▶ **Task description**: Once you find the line below that contains "Simple and modern", write it out along with every later line exactly as given, stopping only when the records end. Omit the pictures.

▶ **Data to use**:
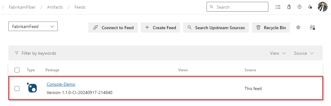 Publish NuGet packages to a feed in the same organization
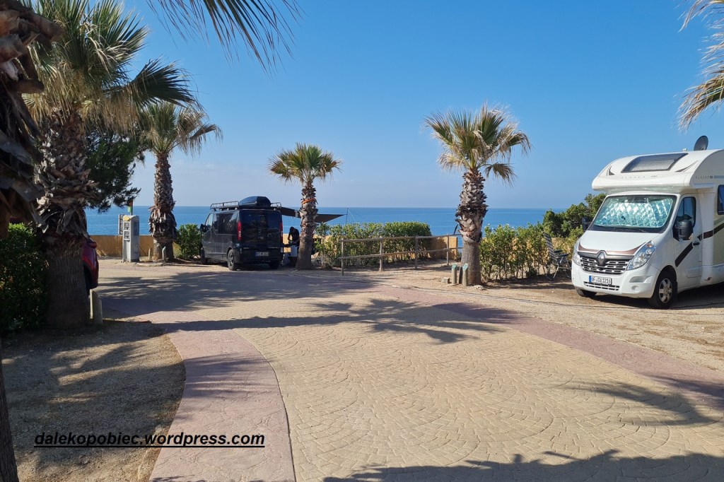 Miejscowość raczej typowa , większość to hotele i pensjonaty jeszcze czekające na turystów ale zupełnie wystarczająca do spędzenia tutaj miłego czasu. No troszeczkę woda ciut za zimna ale w sumie to dopiero wiosna. Woda błękitna , słonko świeci , widoczki całkiem ,całkiem . Ale żeby nie było za pięknie już wieczorem pogoda się załamuje a prognozy na ten kąt raczej kiepskie .W strugach deszczu opuszczamy tą całkiem ładną miejscowość. Często korzystamy z aplikacji pogodowych. Nie są one 100 procentowe ale dają z grubsza czego się można spodziewać. Rejon Costa Brava jest bardzo ciekawym regionem ale byliśmy już paru miejscach więc jedziemy dalej . Może bliżej Alicante będzie dalej. Po paru godzinach jesteśmy przed Barceloną dokładnie w Premia de Mar. Barcelonę już z grubsza zwiedziliśmy wcześniej i tylko powiem naprawdę warto ale też wiemy że sam przejazd przez nią to nie lada wyzwanie więc zostawiamy sobie to na rano. Premia de Mar to raczej nieciekawe miasteczko. Przypomina już raczej peryferie Barcelony niż miejscowość wypoczynkową ale idziemy się poszwędać po plaży .
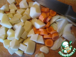Картофель, морковь и лук чистим и режем произвольно. Зубчики чеснока раздавим ножом.
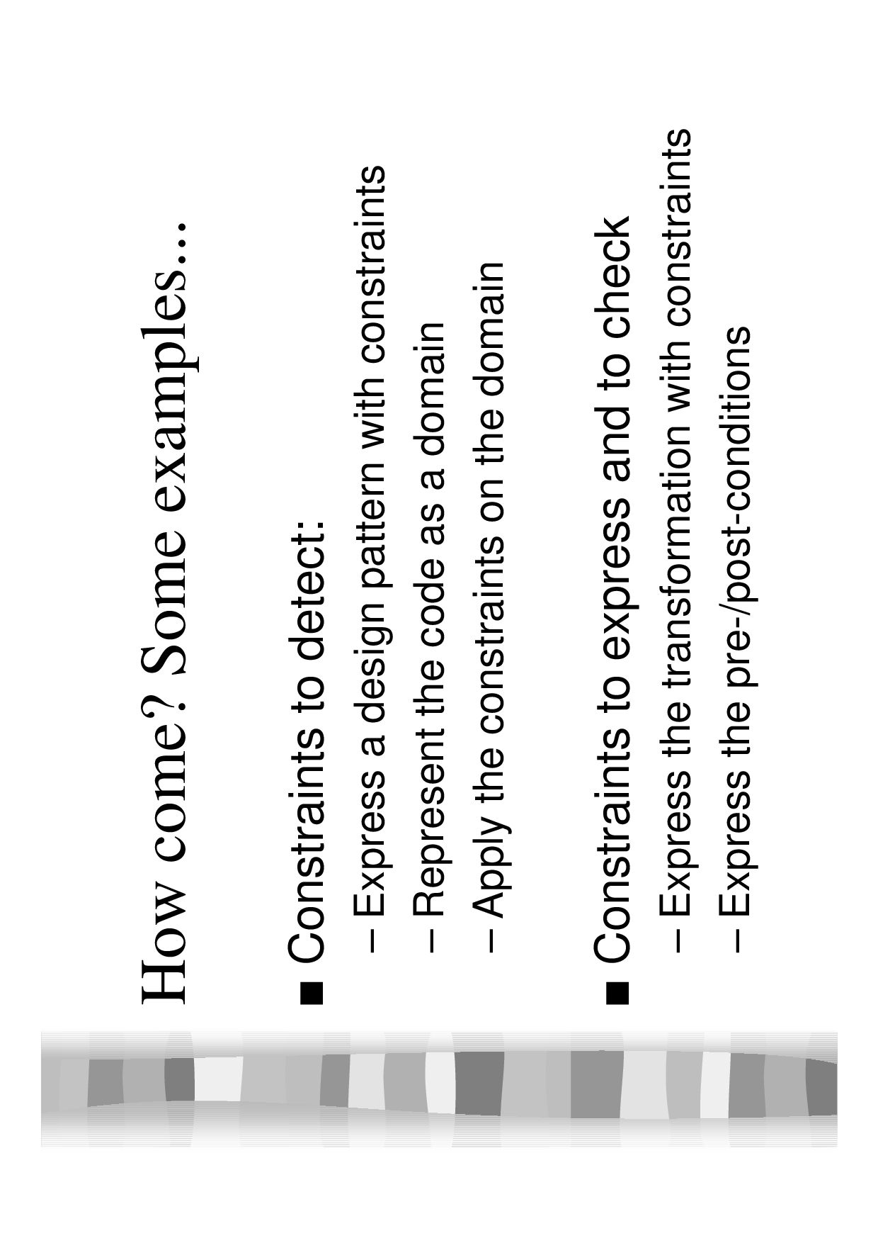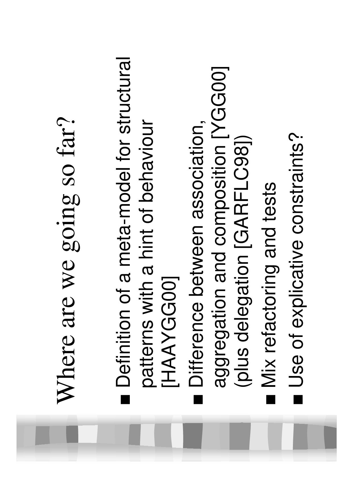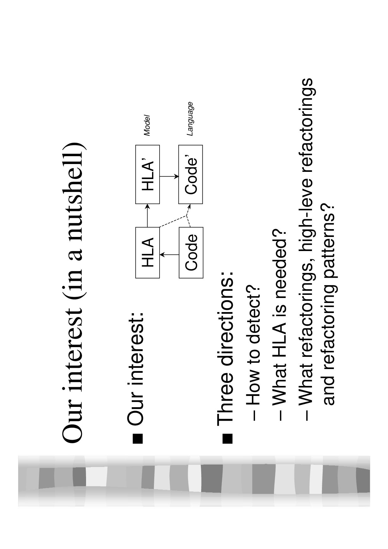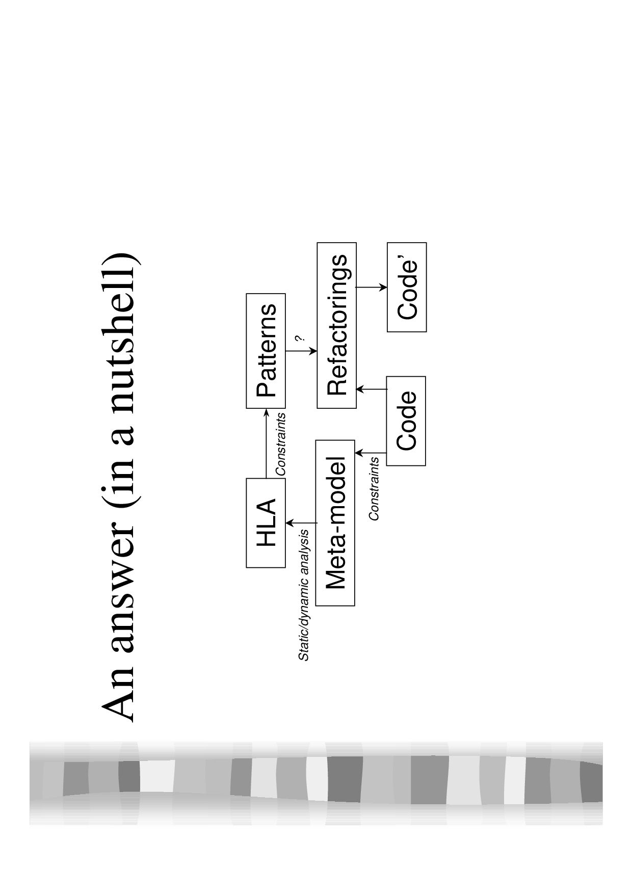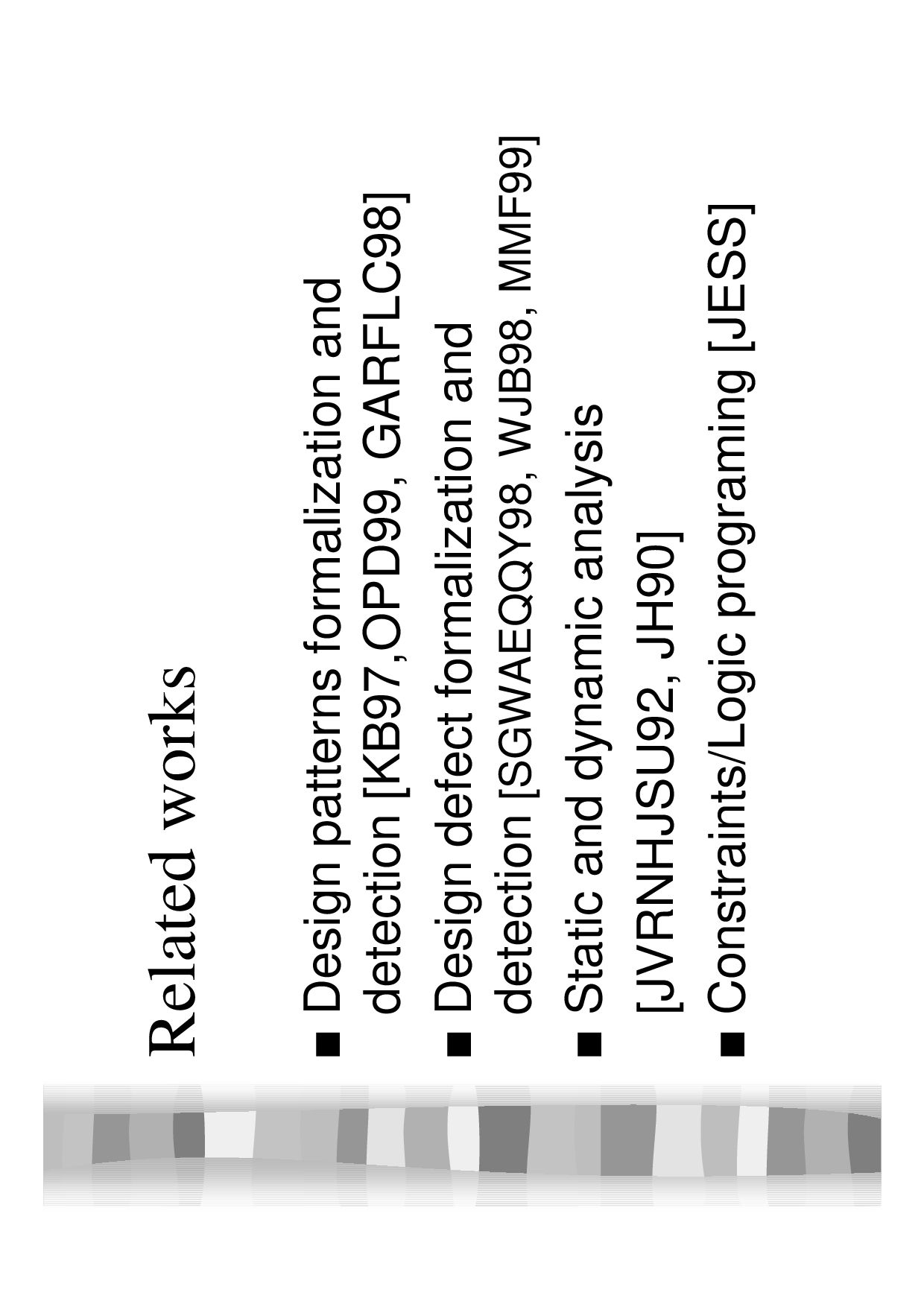 focuses on refactorings: – What refactorings are interesting? [MF99] – How to prove they don’t change the behaviour of the program? [WFO92, DBR99] – How to compose them? [MÓC00] – How to support them [DR97, JREFACTORY, IJRENAMER, XREFACTORY] I BUT...
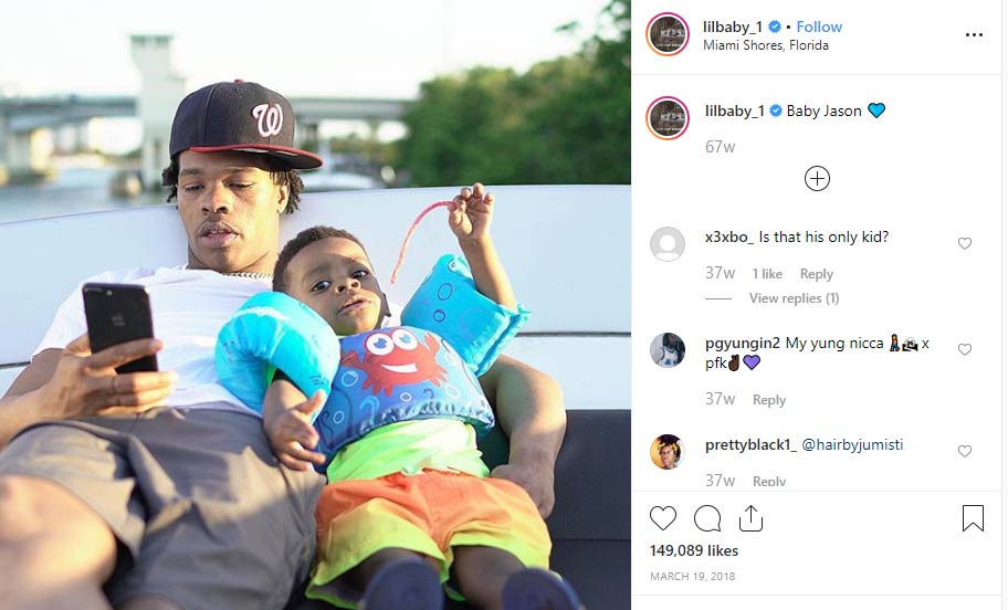 In spite of his young age, Lil Baby has already become a father. He is rumored to have a son, named Jason. On the rapper’s Instagram account, the pictures of a cute little boy appear from time to time. Lil Baby doesn’t confirm directly, that Jason is his biological son, but his fans suppose, this info is true.
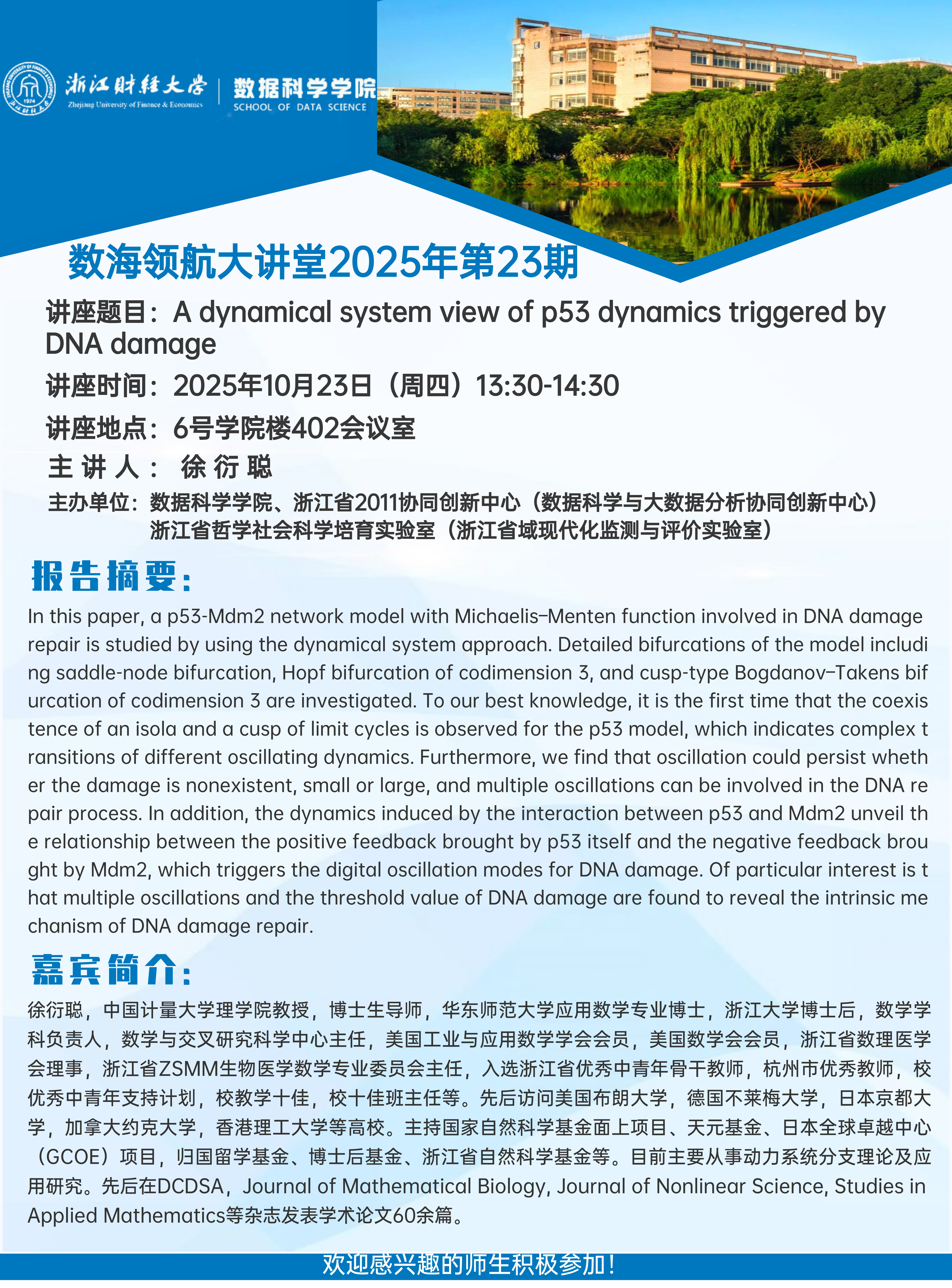 上一条:数海领航大讲堂2025年第24期——杭州电子科技大学孙伟刚教授 下一条:Sparse-dense flight copy-based interactive mechanism toairline integrated recovery with cruise speed control——数海领航大讲堂2025年第22期开讲
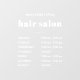 Simple and modern hair salon opening hours window cling features white typography and easily editable business hours text templates.
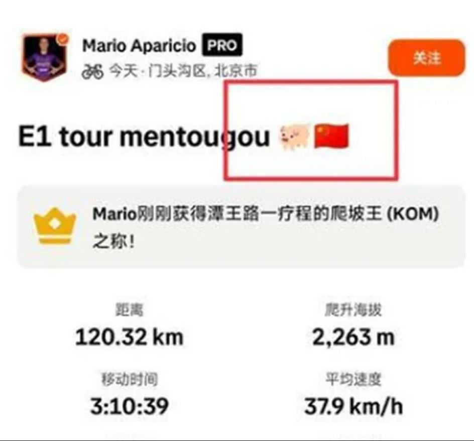 El ciclista Mario Aparicio (Burgos BH) fue expulsado el domingo del Tour de Mentougou, en China, tras concluir la primera de las tres etapas de la carrera por colocar el icono de un cerdo junto a la bandera del país asiático. La polémica publicación, subida al perfil de Strava del corredor, fue borrada pocas horas después tras la polémica generada en las redes sociales de China.
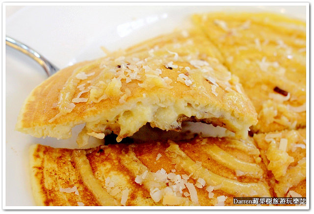 鬆餅入口後餅皮口感香Q,原來香蕉藏在鬆餅下面很好吃,肉桂味並不會很明顯個人偏愛這款鬆餅

▶ **Task result**:
 Simple and modern hair salon opening hours window cling features white typography and easily editable business hours text templates.
 El ciclista Mario Aparicio (Burgos BH) fue expulsado el domingo del Tour de Mentougou, en China, tras concluir la primera de las tres etapas de la carrera por colocar el icono de un cerdo junto a la bandera del país asiático. La polémica publicación, subida al perfil de Strava del corredor, fue borrada pocas horas después tras la polémica generada en las redes sociales de China.
 鬆餅入口後餅皮口感香Q,原來香蕉藏在鬆餅下面很好吃,肉桂味並不會很明顯個人偏愛這款鬆餅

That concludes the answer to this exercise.